O que é que acontece? Eu acho que tem de haver aqui também quando eu falo de uma cultura de cuidado, é também neste sentido. Nós temos de olhar para os abusadores não como monstros, mas como pessoas que precisam de apoio e se todos nós conseguirmos perceber esta necessidade de apoiar, podemos até ser nós, dentro do possível, a sensibilizar a necessidade de apoio e de psicoterapia para todos os agressores. Neste sentido de apoio. Não é no sentido punitivo, mas no de reconstrução de apoio. E como também já ouviram falar o Doutor Rui Abrunhosa, entre outros, que são especialistas na matéria – eu não sou especialista nesta matéria – mas aquilo que nós sabemos é que há muitas dificuldades, mas existem processos que são possíveis de fazer e que têm possibilidade de mudança.

 

Estamos a caminhar para o final da nossa entrevista. Há ainda 2 ou 3 questões. Faz sentido falar na criação de uma nova Comissão independente com membros externos para prosseguir o acompanhamento dos novos casos?

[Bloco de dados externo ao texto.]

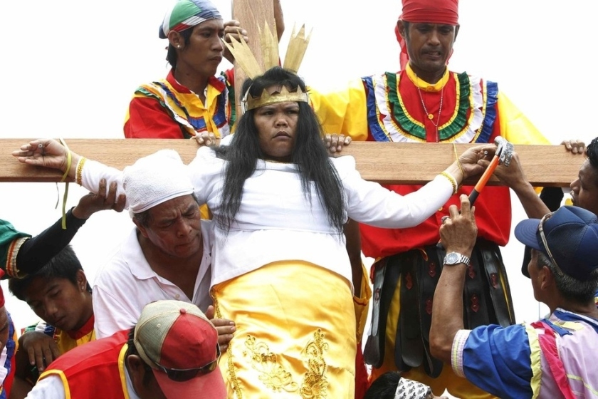 Ось таку картину можна побачити щорічно в Страсну п'ятницю перед католицьким Великоднем в декількох десятках кілометрах від сучасної столиці Філіппін Маніли, в містечку Сан-Фернандо.

Depende dos objetivos. Se o objetivo for o acompanhamento dos casos, então, não é a continuidade da Comissão independente, porque a Comissão independente serviu aqui para um estudo até muito sociológico e muito com base na estatística. A Comissão independente não fez acompanhamento das vítimas. Quem é suposto fazer esse acompanhamento são as comissões diocesanas que já existem e que estão no terreno. Se surgir aqui uma nova figura, aquilo que eu acho que é muito importante é que a CEP estude quais é que seriam as necessidades e os objetivos para criar aqui outra Comissão.

 

A minha pergunta final tem a ver com o encontro de 3 de março, a reunião da Conferência Episcopal portuguesa, uma Assembleia plenária extraordinária para analisar o relatório. Ao longo da semana têm-se multiplicado as declarações de bispos a falar de uma realidade triste que os envergonha. Espera que este encontro seja já um ponto de viragem para a forma de enfrentar o fenómeno?

Sem dúvida, eu acho que sim. Eu acho que a Igreja acordou, este dia 13 de fevereiro surgiu, um bocadinho, como um murro no estômago para muitas pessoas.

Acho, de facto, que os senhores bispos estão muito conscientes desta situação e estão mesmo com muita vontade para mudar esta mentalidade. A partir deles e a partir de deste momento, eu acredito que haja possibilidades para nascer uma nova forma de estar na Igreja.